How do you find the limit of #(e^x + x)^(1/x)# as x approaches 0?

1 Answer
Feb 23, 2016

#lim_{x\to0}h(x)=e^2#

Explanation:

Given #h(x)=(e^x+x)^(1/x)#

First, we'll check how the base comes out if we apply the limit #x\to0#. It seems that if we do so, then #e^x+x=e^0+0=1#
But, check the power, it seems that then the equation would become #1^\infty#. We could leave it at that but since this is limits, we need to be careful here.

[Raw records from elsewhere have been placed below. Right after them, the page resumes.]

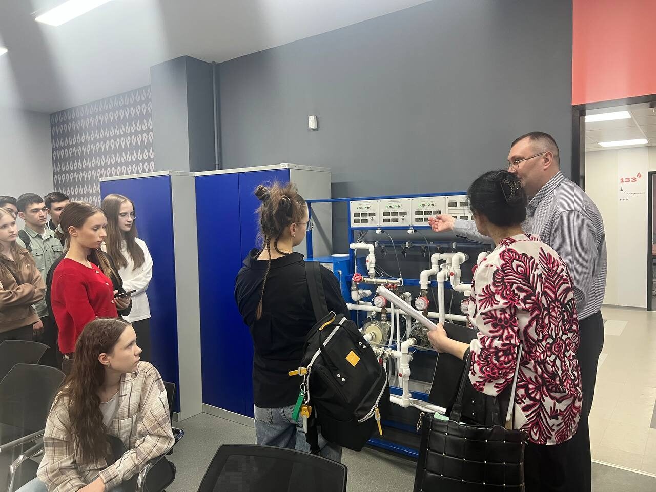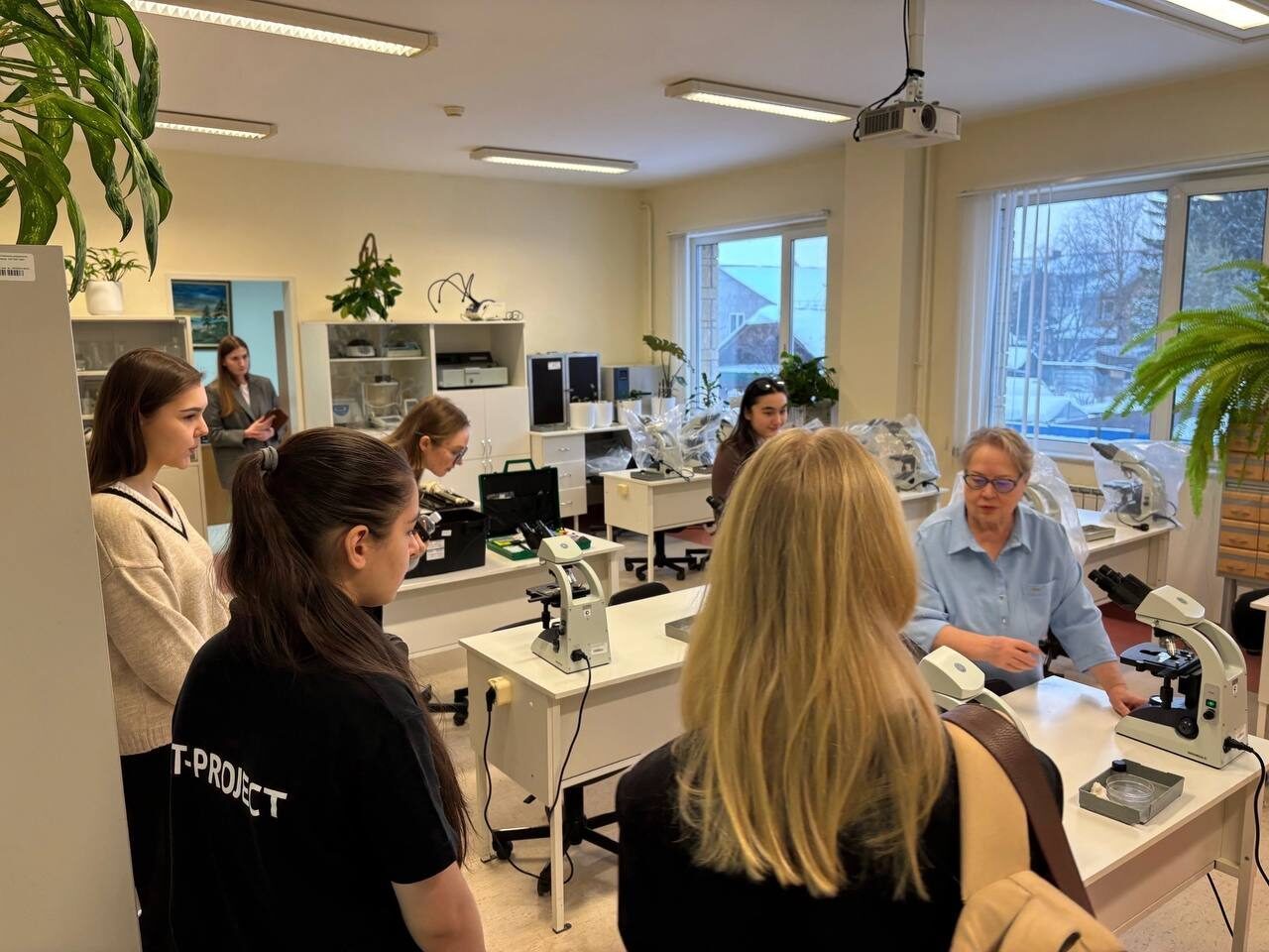 В лаборатории прикладной экологии ребята узнали чем занимаются студенты. Под микроскопом посмотрели конечности пчёлки, узнали чем измеряют влажность воздуха и направление ветра, как происходит очистка сточных вод. Далее посетили лабораторию геологического моделирования, где занимаются изучением месторождений нефти и газа.
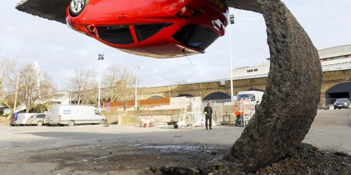 Alex Chinneck est un farceur. Il aime jouer avec les façades d’immeubles. Les renverser (avec la porte d’entrée au sommet), donner l’impression qu’elles fondent et qu’elles ont glissé. Cette fois, il s’est attaqué à une place de parking (avec une Corsa dessus), comme si un géant venait de la retourner.
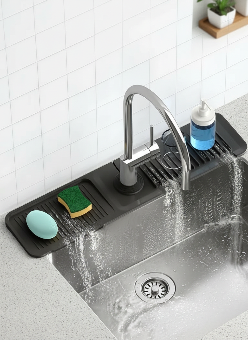 Anti-splash silicone mat that keeps the sink area dry & tidy. π§
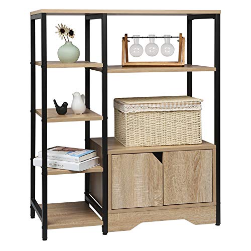 WOLTU Libreria Moderna Design, 80 x 35 x 97 cm, Scaffale Portaoggetti per Libri CD, con Ante in Legno e Metallo, Rovere Chiaro RGB08hei

So, to solve this we have an equation, that is if #h(x)=g(x)^f(x)# and as #x\toa# such that #g(x)\to0# and #f(x)\toinfty#, then we have a solution which is
#lim_{x\toa}h(x)=e^(h(x)*(g(x)-1)#

So, substituting #g(x)=e^x+x# and #f(x)=1/x#, we get
#lim_{x\to0}h(x)=e^(1/x(e^x+x-1)#

Let's now just take care of the powers, so we get
#lim_{x\to0}(e^x+x-1)/x=lim_{h\to0}(e^x-1)/x+x/x#
We know about the #(e^x-1)/x# at #x# tends to #0# limit equaling #1#, so we get it in the end as #1+1=2#

So, that is why there's an #e# in the answer.